Дорога на Камчатку длилась почти месяц: две недели ехали на поезде до Владивостока, а затем пересаживались на пароход и плыли до порта Петропавловск, откуда уже на вьючных лошадях по бездорожью следовали по восточному побережью Тихого океана к дельте реки Войамполки, где разбивался лагерь. Шли порой пешком, преодолевая разлившиеся весной реки, оборудование везли на лошадях. Тридцать человек экспедиции жили в палатках и питались лишь тем, что взяли с собой или смогли добыть на охоте в тайге. За шесть месяцев удалось обнаружить доказательства существования залежей нефти на больших глубинах. К началу октября экспедиция вышла на берег Тихого океана и расположилась лагерем в ожидании прихода ледокольного судна, которое должно было принять на борт экспедицию. Уже выпал снег, люди продолжали жить в палатках, все время уменьшался дневной рацион питания. Чтобы не люди не замерзли, им выдавали из запасов разведенный спирт и рыбий жир.
Как мне рассказывала мама, у отца было слабое сердце: он не мог долго идти в гору, одышка останавливала его. Иногда после волнения он становился совсем бледным и не мог выговорить ни слова. На одном из собраний в главной палатке отец был задумчив и грустен. Вдруг он встал, как вспоминал Ф. Двали, и, глядя куда-то вдаль, процитировал стихотворение А. Пушкина: «День каждый, каждую годину, готов я думой провожать, грядущей смерти годовщину меж них пытаюсь угадать…». Это было так неожиданно, что все притихли и стали смотреть на него. В один из этих дней он пытался оседлать ретивую лошадь, и она, извернувшись, лягнула его прямо в грудь, так что он упал, и когда его подняли, долго не мог прийти в себя.

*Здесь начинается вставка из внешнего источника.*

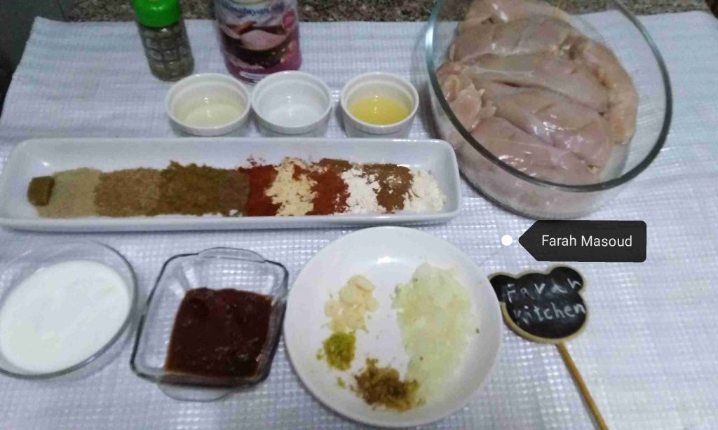 بتبليهم لمدة ليلة كاملة بعدها بمقلاة عليها اربع ملاعق كبيرة زيت حامية بتنزلي صدور الدجاج ليتحمروا من الجهتين بعدها بتقطعيهم وبتدخليهم فرن حامي ليستوا بعدها بتحطيلها صحن قصدير عليه زيت و بتنزلي عليه فحمة سخنة اختياري

В начале ноября стало уже совсем по-зимнему холодно, а ледокол всё еще не приходил. Однажды, находясь на совещании в общей палатке, отец, как и все, выпил немного разведенного спирта. По прошествии нескольких минут он побледнел и почувствовал себя плохо. Его пришлось провожать до палатки, он еле шел. На ночь в палатке остался дежурить один из сотрудников, он при керосиновой лампе что-то писал, то и дело наклоняясь к отцу. Под утро он заснул. Рано утром сотрудники пришли проведать отца, он лежал на спине с закрытыми глазами и уже не дышал. Он был мертв.

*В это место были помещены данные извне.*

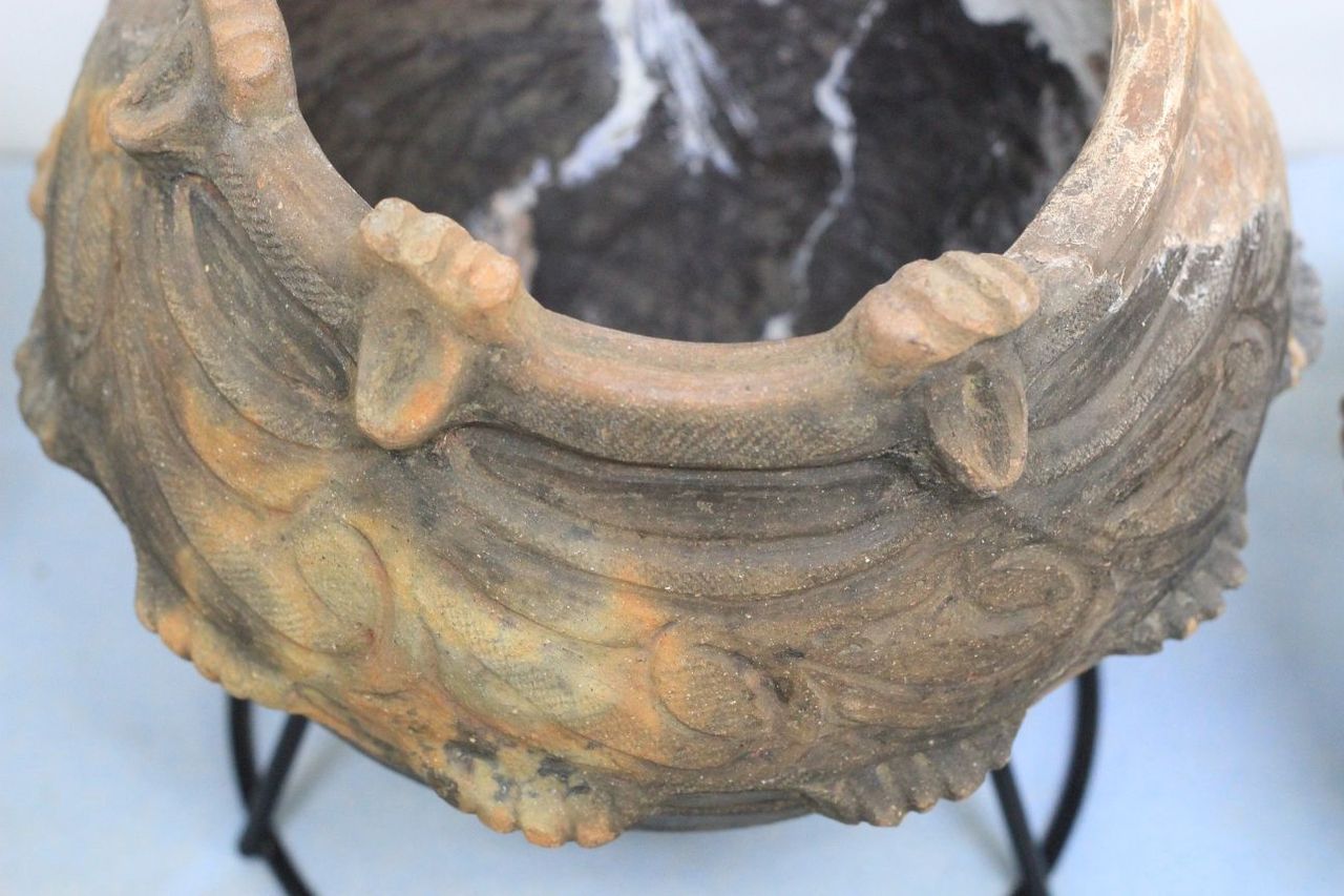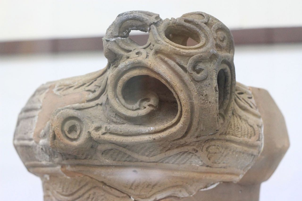 展示されている土器を上から覗くと、土器の中に何かを入れた袋が入っています。倒れたりしないように重しを入れているのでしょうか?

Несколько дней спустя прибыл в бухту и ледокол. Решено было тело везти вместе со всей экспедицией во Владивосток, а затем в цинковом гробу в Ленинград. Но капитан оказался суеверным и наотрез отказался брать покойника на борт, предвидя трудный и опасный обратный рейс. Споры и уговоры ни к чему не привели. Отца похоронили на мысе, уходящем в океан, в устье реки Войамполки, опустив гроб в вечную мерзлоту. Федор Двали отрезал прядь его белокурых волос, чтобы передать их жене, моей маме. Они и до сих пор хранятся у меня.